Ángel O. Berríos Díaz (September 21, 1940 - April 28, 2006) was a native of Caguas, Puerto Rico. An engineer of profession, Berríos became the 3rd mayor of Caguas in 1973, after winning the 1972 elections, as a member of the Popular Democratic Party (PPD).

Berrios was defeated in the 1976 elections by the New Progressive Party candidate Miguel Hernández, but he came back on top during the 1980 elections. After being sworn back to office in 1981, he began a period of 16 years in a row as mayor of Caguas. During his tenure, new hospitals, malls, department stores and housing complexes were built.

He chaired the Commission for Municipal Reform, the beginning of what would achieve the autonomy of the municipalities, he was president of the Association of Mayors of Puerto Rico (AAPR), a member of the board of the Center for Municipal Revenue Collection (CRIM).

Berríos became the managing owner of the Criollos de Caguas basketball team in 1987, and, later on, acquired the Criollas de Caguas women's volleyball team. He was a member of the Phi Delta Theta fraternity.

Berríos decided not to run for mayor again in 1996, being substituted by William Miranda Marín as PPD leader in Caguas. Miranda Marín went on to win the elections that year.

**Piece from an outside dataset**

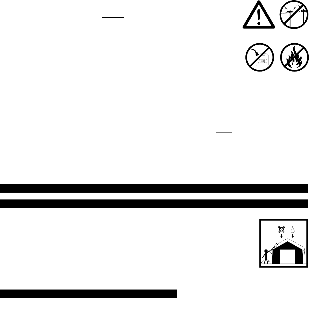 lanterns) in or around the shelter. DO NOT store ammable liquids (gasoline, kerosene, propane, etc.) in

Later on, an entertainment center was named after Berríos, the Centro de Bellas Artes Ángel O. Berríos.

Berríos died on April 28, 2006, due to complications of a stroke which had occurred six months prior. He was buried at Cementerio Borinquen Memorial Park I in Caguas, Puerto Rico.

==Legacy==
A sports complex in Caguas was posthumously named after Ángel O. Berríos.